◆ Provided material
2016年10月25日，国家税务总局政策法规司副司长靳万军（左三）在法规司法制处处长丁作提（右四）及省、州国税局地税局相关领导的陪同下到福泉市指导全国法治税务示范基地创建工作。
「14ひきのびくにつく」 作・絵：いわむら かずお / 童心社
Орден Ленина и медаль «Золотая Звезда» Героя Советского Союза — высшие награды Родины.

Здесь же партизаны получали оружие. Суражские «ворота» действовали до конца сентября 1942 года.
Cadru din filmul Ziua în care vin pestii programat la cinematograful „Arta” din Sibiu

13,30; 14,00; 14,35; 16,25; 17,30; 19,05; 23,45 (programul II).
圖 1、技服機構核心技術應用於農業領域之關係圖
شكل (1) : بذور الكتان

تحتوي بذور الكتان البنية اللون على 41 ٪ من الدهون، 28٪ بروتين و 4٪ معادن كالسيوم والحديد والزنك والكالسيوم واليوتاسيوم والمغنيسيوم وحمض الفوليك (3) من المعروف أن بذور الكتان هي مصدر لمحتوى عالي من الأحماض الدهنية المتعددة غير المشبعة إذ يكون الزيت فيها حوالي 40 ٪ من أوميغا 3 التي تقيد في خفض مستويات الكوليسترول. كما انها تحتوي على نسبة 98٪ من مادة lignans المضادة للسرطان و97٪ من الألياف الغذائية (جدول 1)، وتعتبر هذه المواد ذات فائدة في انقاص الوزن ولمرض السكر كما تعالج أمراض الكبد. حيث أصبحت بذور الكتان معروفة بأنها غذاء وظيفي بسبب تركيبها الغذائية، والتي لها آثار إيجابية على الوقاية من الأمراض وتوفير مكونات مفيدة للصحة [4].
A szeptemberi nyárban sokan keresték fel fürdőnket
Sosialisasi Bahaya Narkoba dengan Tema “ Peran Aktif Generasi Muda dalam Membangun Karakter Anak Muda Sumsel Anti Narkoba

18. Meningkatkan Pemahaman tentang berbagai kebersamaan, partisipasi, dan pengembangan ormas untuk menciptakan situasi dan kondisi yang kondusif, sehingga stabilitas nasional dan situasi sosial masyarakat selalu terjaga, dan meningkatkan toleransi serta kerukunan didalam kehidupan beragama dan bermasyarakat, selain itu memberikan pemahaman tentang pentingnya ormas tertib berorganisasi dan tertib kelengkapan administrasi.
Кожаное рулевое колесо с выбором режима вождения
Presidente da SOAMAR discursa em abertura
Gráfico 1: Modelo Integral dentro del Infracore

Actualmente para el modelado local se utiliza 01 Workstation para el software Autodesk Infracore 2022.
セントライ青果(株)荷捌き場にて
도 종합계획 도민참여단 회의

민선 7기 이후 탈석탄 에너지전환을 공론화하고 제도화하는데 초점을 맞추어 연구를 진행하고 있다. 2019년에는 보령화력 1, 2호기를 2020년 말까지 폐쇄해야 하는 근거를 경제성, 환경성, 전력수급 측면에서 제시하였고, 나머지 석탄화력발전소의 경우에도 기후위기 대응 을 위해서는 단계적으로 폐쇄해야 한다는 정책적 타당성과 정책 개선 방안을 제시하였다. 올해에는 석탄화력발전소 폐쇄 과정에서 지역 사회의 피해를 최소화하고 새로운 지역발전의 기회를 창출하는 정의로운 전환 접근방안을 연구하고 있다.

* * *

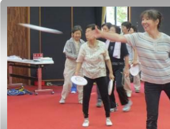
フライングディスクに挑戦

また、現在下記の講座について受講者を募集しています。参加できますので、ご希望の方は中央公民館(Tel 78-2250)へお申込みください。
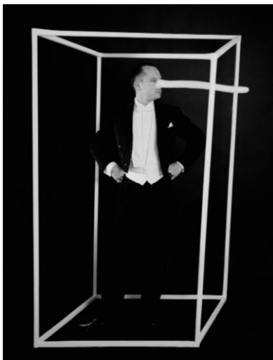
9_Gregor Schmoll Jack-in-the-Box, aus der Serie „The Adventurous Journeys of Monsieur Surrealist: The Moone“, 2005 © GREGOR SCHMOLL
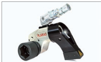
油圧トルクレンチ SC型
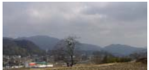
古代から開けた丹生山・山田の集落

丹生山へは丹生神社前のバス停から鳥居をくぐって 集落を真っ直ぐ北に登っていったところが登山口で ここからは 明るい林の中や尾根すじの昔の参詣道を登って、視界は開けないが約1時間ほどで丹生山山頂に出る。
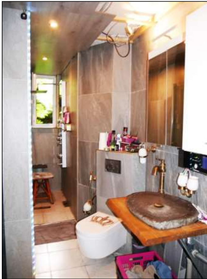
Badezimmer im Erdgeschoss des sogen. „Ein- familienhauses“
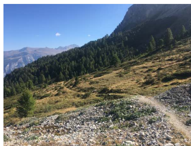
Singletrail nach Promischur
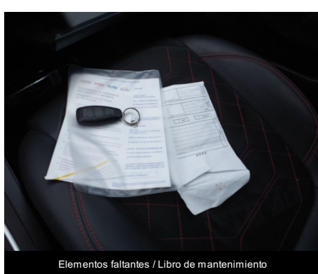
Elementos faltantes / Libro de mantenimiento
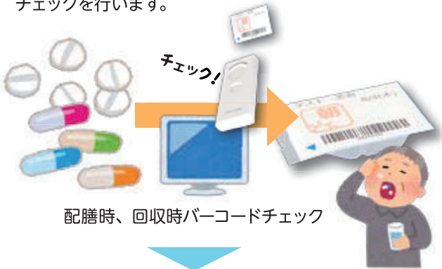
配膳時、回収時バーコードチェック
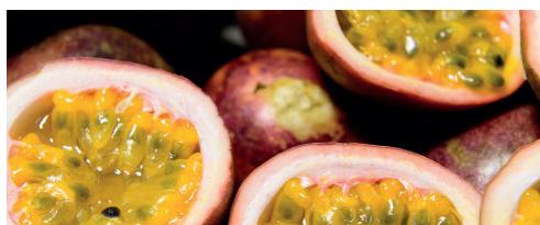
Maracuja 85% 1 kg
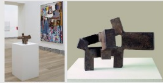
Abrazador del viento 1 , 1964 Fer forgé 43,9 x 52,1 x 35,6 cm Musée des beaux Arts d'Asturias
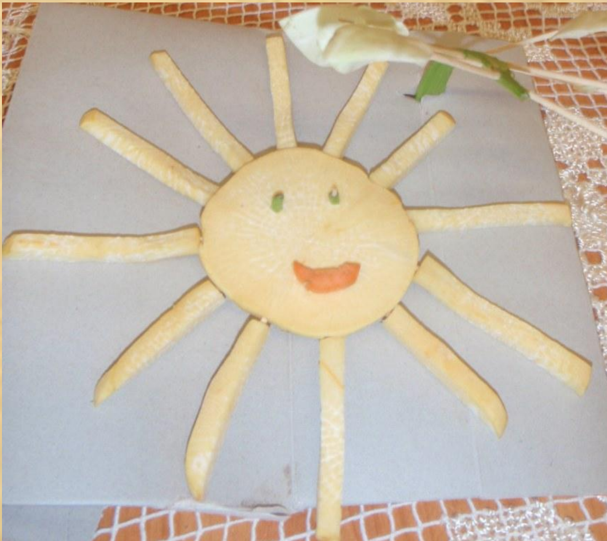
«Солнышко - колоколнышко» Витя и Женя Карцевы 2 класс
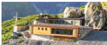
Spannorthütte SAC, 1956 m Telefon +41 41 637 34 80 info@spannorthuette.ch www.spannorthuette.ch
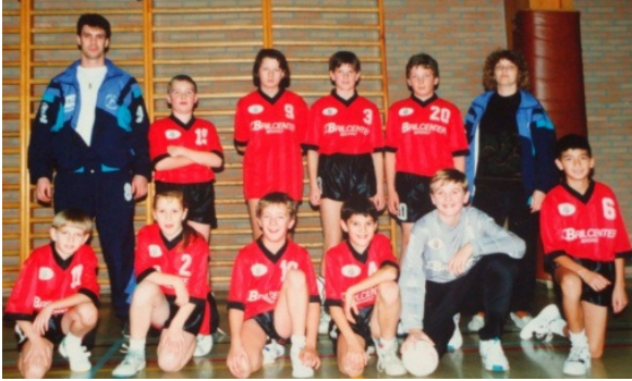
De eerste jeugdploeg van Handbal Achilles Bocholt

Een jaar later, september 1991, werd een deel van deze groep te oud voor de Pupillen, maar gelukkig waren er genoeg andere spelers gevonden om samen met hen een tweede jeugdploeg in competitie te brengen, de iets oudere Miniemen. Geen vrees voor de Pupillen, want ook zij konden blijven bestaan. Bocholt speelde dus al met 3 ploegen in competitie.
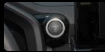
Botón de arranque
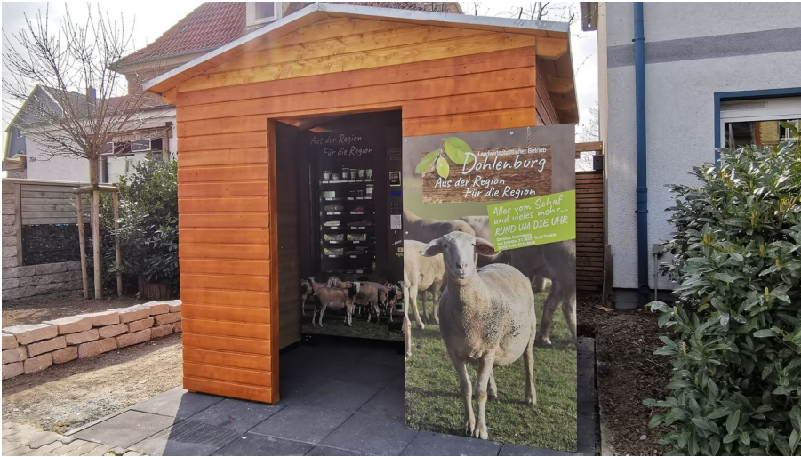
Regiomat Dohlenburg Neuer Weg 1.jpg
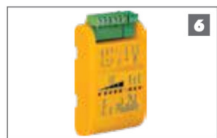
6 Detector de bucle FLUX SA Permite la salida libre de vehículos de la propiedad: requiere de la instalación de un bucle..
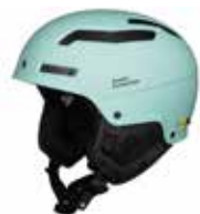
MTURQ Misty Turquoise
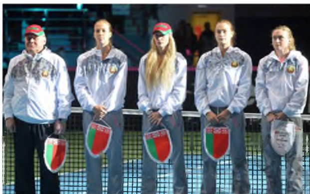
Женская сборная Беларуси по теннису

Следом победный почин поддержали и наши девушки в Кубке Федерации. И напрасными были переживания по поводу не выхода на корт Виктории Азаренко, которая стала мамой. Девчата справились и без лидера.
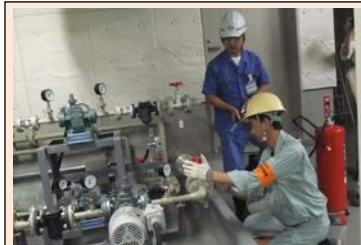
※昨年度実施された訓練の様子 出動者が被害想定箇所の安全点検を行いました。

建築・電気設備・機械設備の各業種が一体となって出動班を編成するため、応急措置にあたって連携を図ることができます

* * *

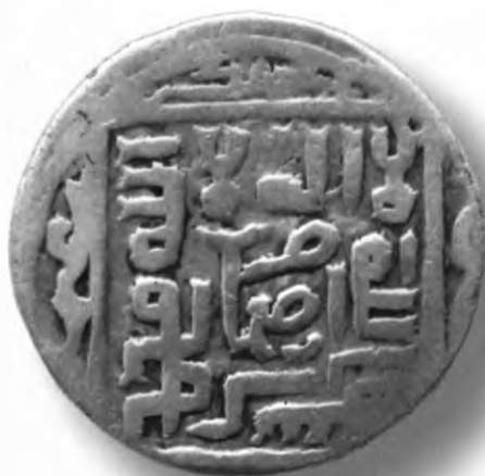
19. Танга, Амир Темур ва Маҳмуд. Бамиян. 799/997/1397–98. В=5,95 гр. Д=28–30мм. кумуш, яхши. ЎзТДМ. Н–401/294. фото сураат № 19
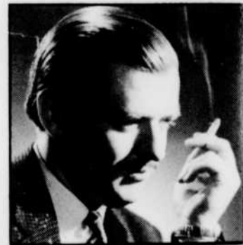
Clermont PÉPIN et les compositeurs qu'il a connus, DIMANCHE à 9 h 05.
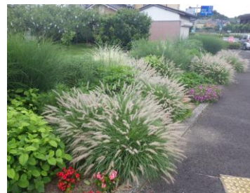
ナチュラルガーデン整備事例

◆ Problem to work on
Every line above in the stretch from the one with "6 Detector de" through the one with "建築・電気設備・機械設備の各" is to be transcribed exactly, ends included. No picture is copied.

◆ Solution for this exercise
6 Detector de bucle FLUX SA Permite la salida libre de vehículos de la propiedad: requiere de la instalación de un bucle..
MTURQ Misty Turquoise
Женская сборная Беларуси по теннису

Следом победный почин поддержали и наши девушки в Кубке Федерации. И напрасными были переживания по поводу не выхода на корт Виктории Азаренко, которая стала мамой. Девчата справились и без лидера.
※昨年度実施された訓練の様子 出動者が被害想定箇所の安全点検を行いました。

建築・電気設備・機械設備の各業種が一体となって出動班を編成するため、応急措置にあたって連携を図ることができます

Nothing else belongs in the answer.